Title: Computational Challenges of Next-Generation Genomics
Abstract:
Next-generation sequencing technology allows us to peer inside the cell in exquisite detailed, revealing new insights into biology, evolution, and disease that would have been impossibly expensive to find just a few years ago. The shorter read lengths and enormous volumes of data produced by NGS experiments present many computational challenges that my group is working to address. This talk will discuss three problems:
(1) mapping next-gen sequences onto the human genome and other large genomes at very high speed; (2) spliced alignment of RNA transcripts to the genome, including fusion transcripts; and (3) transcript assembly and quantitation from RNA-Seq experiments including the discovery of alternative splice variants.
We are developing new computational algorithms to solve each of these problems. For alignment of short reads to a reference genome, our Bowtie program, using the Burrows-Wheeler transform, aligns short reads many times faster than competing systems, with very modest memory requirements [1]. To align RNA-Seq reads (transcripts) to a genome, we have developed a suite of tools including TopHat and Cufflinks [2,3], which can align across splice junctions and reconstruct full-length transcripts from short reads.
This talk will describe joint work with current and former members of my group including Ben Langmead, Cole Trapnell, Mike Schatz, Daehwan Kim, Geo Pertea, Daniela Puiu, and Ela Pertea; and with collaborators including Mihai Pop and Lior Pachter.
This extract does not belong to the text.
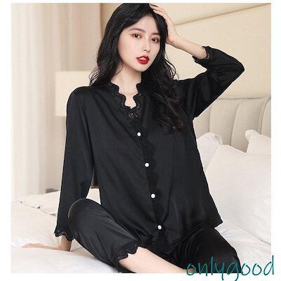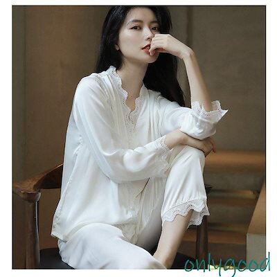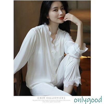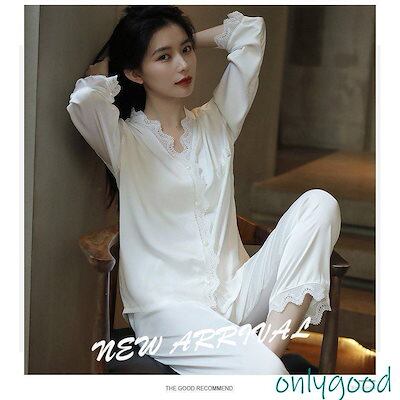 パジャマ ルームウェア レディース 春夏秋 長袖 パジャマ 前開きルームウェア レースVネック レション ロングパンツ上下セット 大人可愛いパジャマ 女性 部屋着
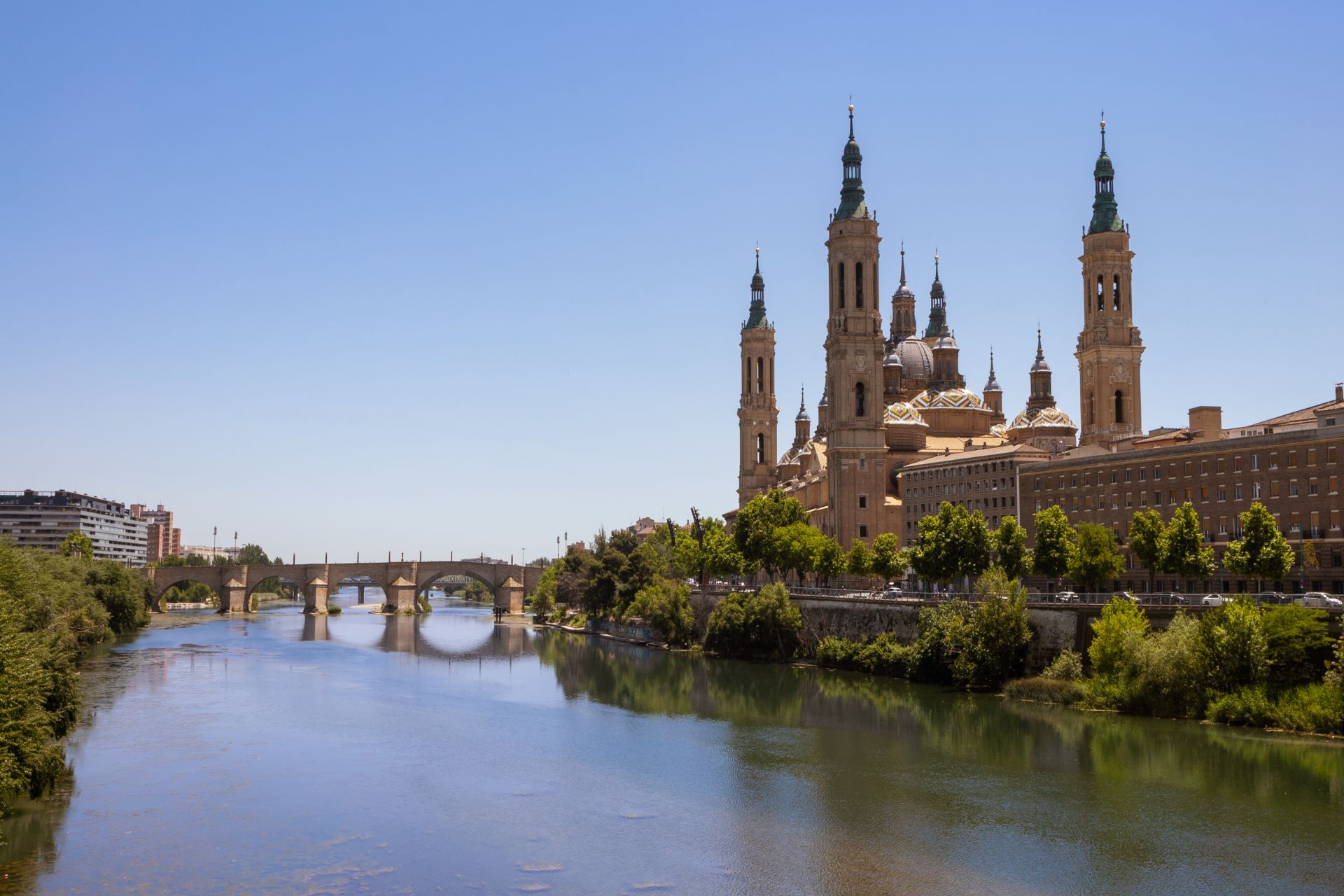 Από εκεί, μια σύντομη βόλτα θα μας φέρει στη Γέφυρα του Αγίου Ιακώβου πάνω από τον ποταμό, απ’ όπου μπορούμε να απολαύσουμε μια όμορφη πανοραμική θέα προς την πόλη και τη βασιλική, ιδανική για φωτογραφίες και ένα μικρό διάλειμμα στο βλέμμα και στη σκέψη. Στη συνέχεια θα δούμε τον Καθεδρικό Ναό La Seo, με το μνημειακό του ύφος και τα στοιχεία γοτθικού και μουντεχάρ ρυθμού, που μαρτυρούν τις αλλεπάλληλες ιστορικές περιόδους της πόλης.

1. B. Langmead et al. Ultrafast and memory-efficient alignment of short DNA sequences to the human genome. Genome Biology 2009, 10:R25.
2. C. Trapnell, L. Pachter, and S.L. Salzberg. TopHat: discovering splice junctions with RNA-Seq. Bioinformatics 2009 25(9):1105-1111.
3. C. Trapnell, et al. Transcript assembly and quantification by RNA-Seq reveals unannotated transcripts and isoform switching during cell differentiation. Nature Biotechnology 28, 511-515 (2010).